Ogle’s customer base extends far beyond automotive, covering everything from medical devices to prop design and architecture. Naturally, such a diverse clientele comes with a diverse set of needs. Some clients may want true models, others fit/form/function prototypes, and still others may require end-use parts. The Neo 3D printers can be used in each of these scenarios by using different materials, build parameters and finishing techniques – combined, in some cases, with other processes. Stratasys Neo stereolithography provides the critical versatility to be used either as a standalone solution or alongside Ogle’s other processes, such as SLS, vacuum casting and CNC machining, to create models for each of these different industry sectors and requirements, proving an invaluable asset in the company’s portfolio.

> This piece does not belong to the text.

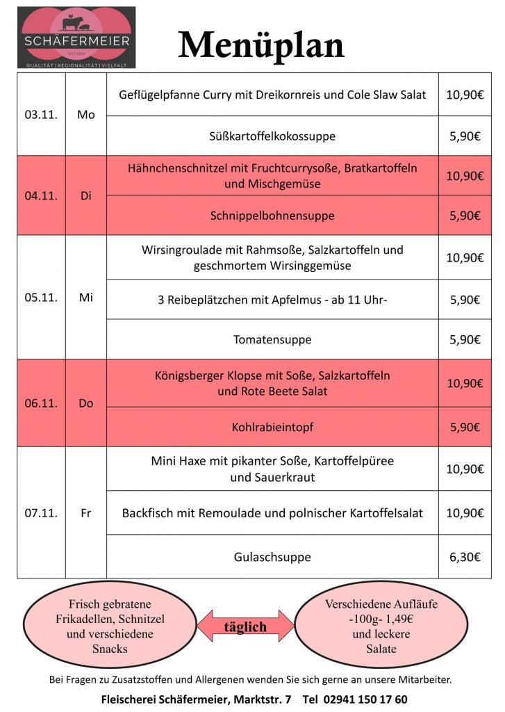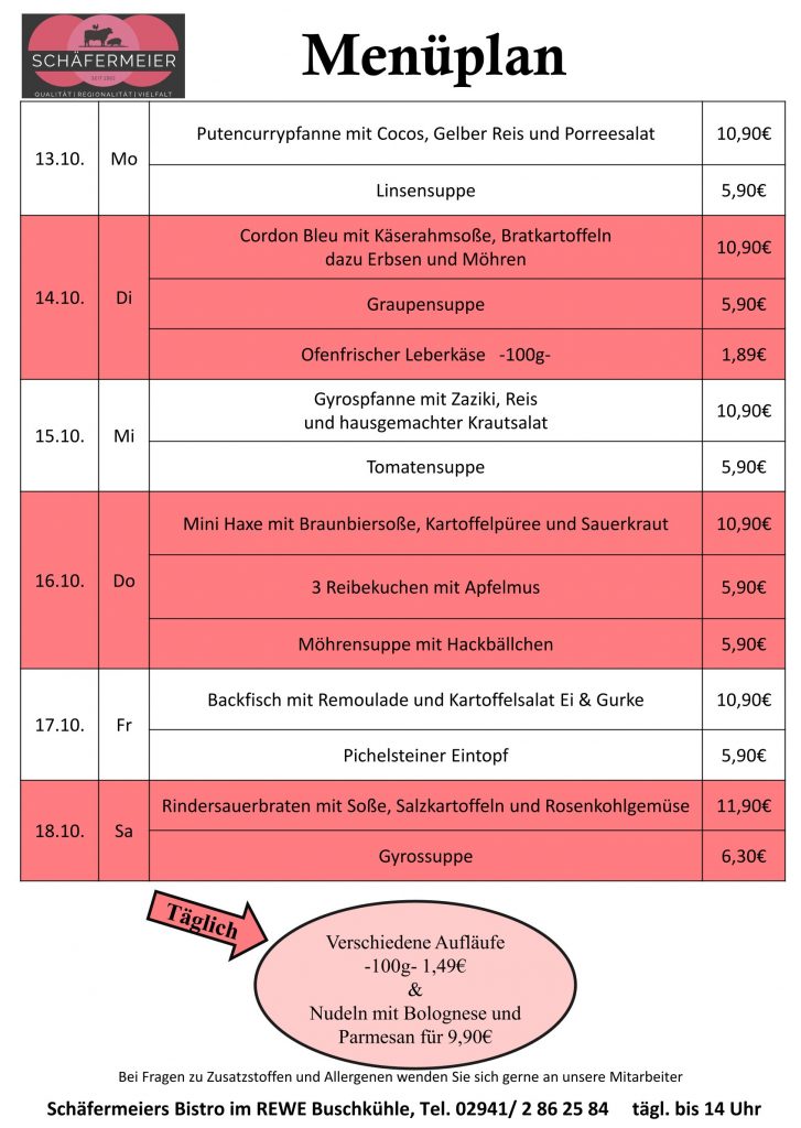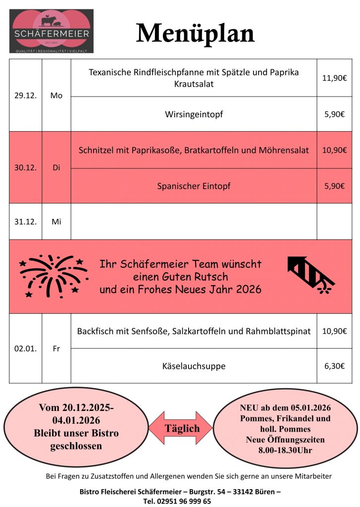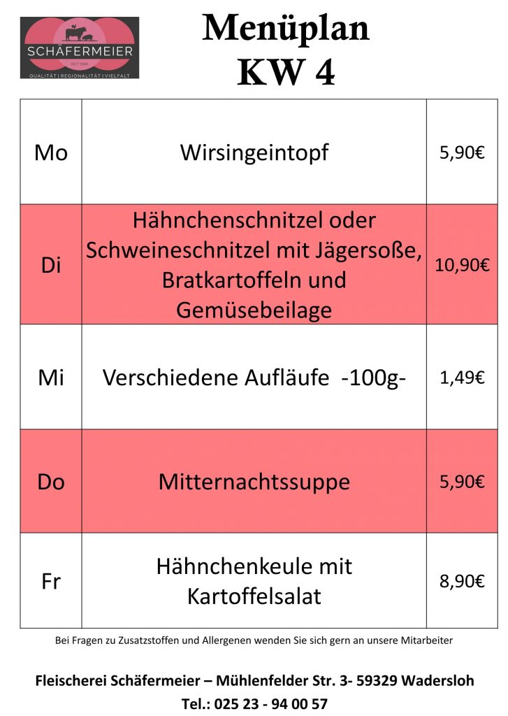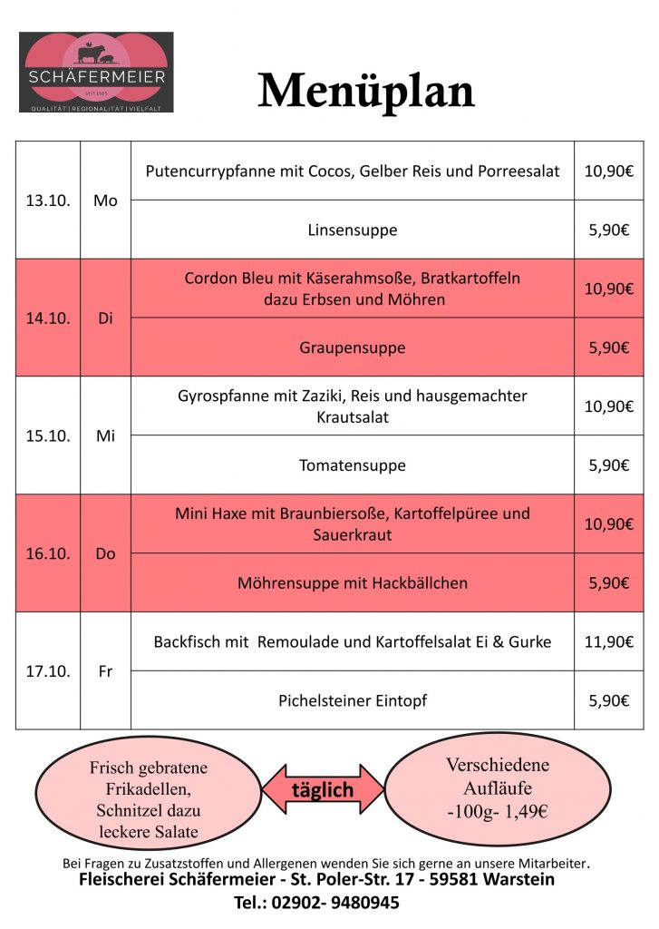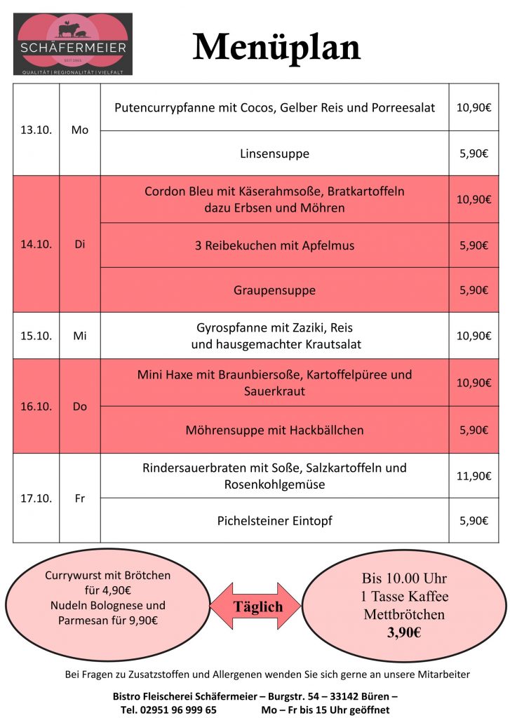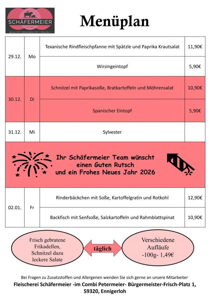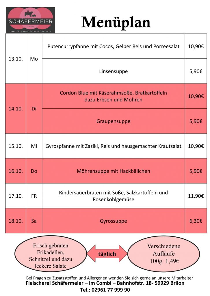 In bekannter Schäfermeier Qualität: Jeden Tag ein neues Menu, das kann nicht langweilig werden.

When making a master for vacuum casting, multiple parts all need to fit together. These masters are then used to create a silicone tool, from which the end-use part is made by pouring resin into the cavity. If the 3D printed master is inaccurate, then all the parts subsequently created will also be inaccurate. Essentially, the more care that’s taken around the master, the better the end product will be – with the Neo 3D printers able to deliver accurate, repeatable results. Each 3D printed master creates a tool that can facilitate a 15- to 50-part run, allowing a fully functioning prototype to be made without the large investment in final production tools.
In other cases, the challenge is large part size. Prints that make full use of the entire build envelope can take multiple days to complete, putting a premium on printer reliability. “As we had experienced occasionally with our previous systems, any failure during the build results in lost time, lost materials and impacts on the scheduling of other jobs, making it something we were keen to avoid moving forward,” says Martin. Combining the inherent reliability of the Neo platform with Ogle’s decades of experience in setting up individual SLA 3D prints in a production environment gives the team confidence that a part started on a Friday will still be printing correctly through to completion on Monday morning.
“Stratasys’ Neo 3D printers fit well with Ogle’s processes because consistency is a key driver for us,” he adds. “Typically, the engineering side of 3D printers can be overcomplicated, which leads to reliability issues. The Neo printers, however, are simpler and more refined, so are just more efficient. Ultimately, we can rely on these systems to keep going build after build and continue printing when the lights are out.”